### Given information
= = = = = = =
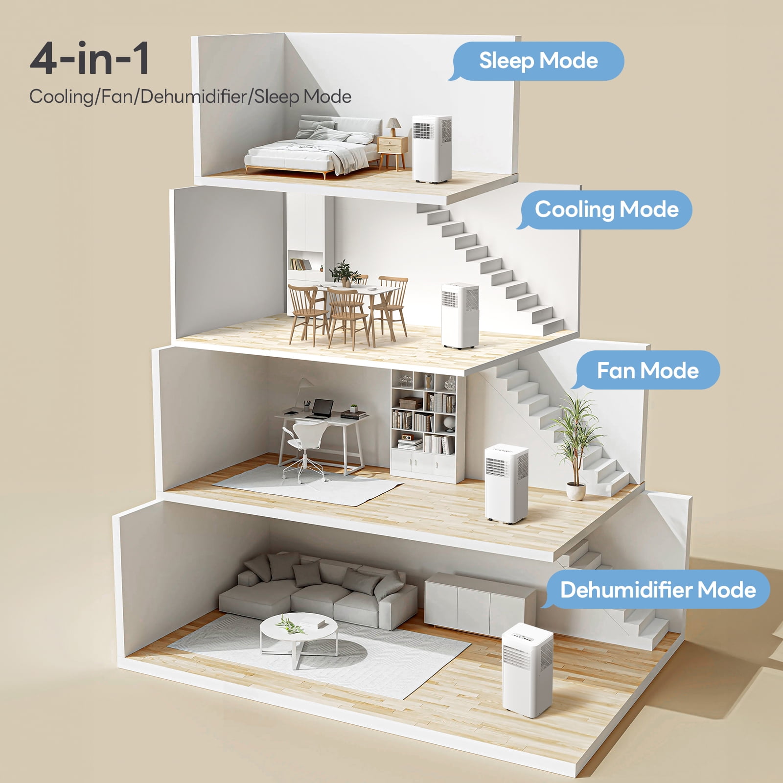 Auseo 3-in-1 mobile air conditioner is equipped with three modes: cooling, dehumidification and fan. The two wind speeds can be adjusted according to your own situation. Built-in 24-hour timer and sleep mode, low running noise, saving energy and money, and providing a good sleep atmosphere. Auseo 10,000 BTU ASHRAE portable air conditioner can ventilate and circulate air in your room, making your space more comfortable and fresh, and the intelligent and simple operation will give you a better experience.
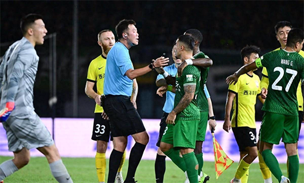 在此前中超第22轮北京国安客战青岛西海岸的比赛,李可在第85分钟失去理智后,上手锁喉赵宏略,险些引发两队球员冲突,主裁向李可出示红牌将他直接罚下,向嘴里骂骂咧咧的赵宏略出示黄牌警告。
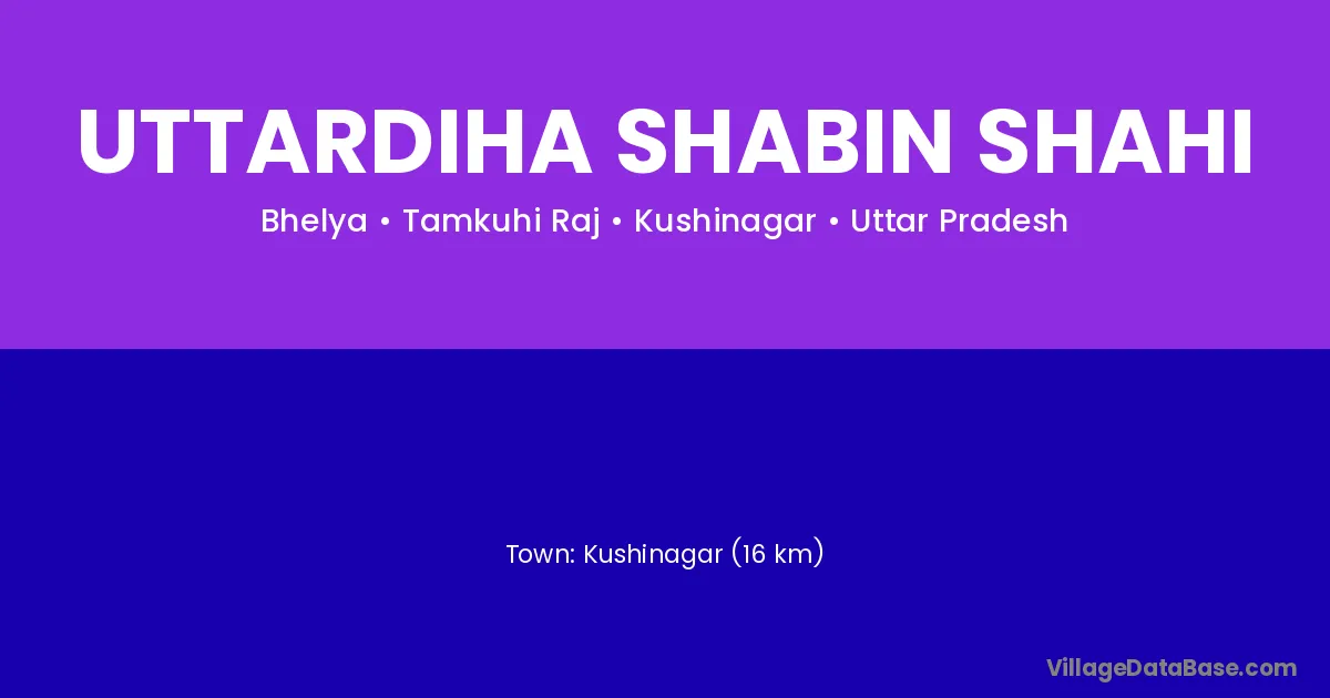 Kushinagar (16 km) is the nearest town to Uttardiha Shabin Shahi village for major economic activities and is located approximately 16 km away.
= = = = = = =
### Your objective
Word for word, return the material above; the pictures stay out.

### Output below
 Auseo 3-in-1 mobile air conditioner is equipped with three modes: cooling, dehumidification and fan. The two wind speeds can be adjusted according to your own situation. Built-in 24-hour timer and sleep mode, low running noise, saving energy and money, and providing a good sleep atmosphere. Auseo 10,000 BTU ASHRAE portable air conditioner can ventilate and circulate air in your room, making your space more comfortable and fresh, and the intelligent and simple operation will give you a better experience.
 在此前中超第22轮北京国安客战青岛西海岸的比赛,李可在第85分钟失去理智后,上手锁喉赵宏略,险些引发两队球员冲突,主裁向李可出示红牌将他直接罚下,向嘴里骂骂咧咧的赵宏略出示黄牌警告。
 Kushinagar (16 km) is the nearest town to Uttardiha Shabin Shahi village for major economic activities and is located approximately 16 km away.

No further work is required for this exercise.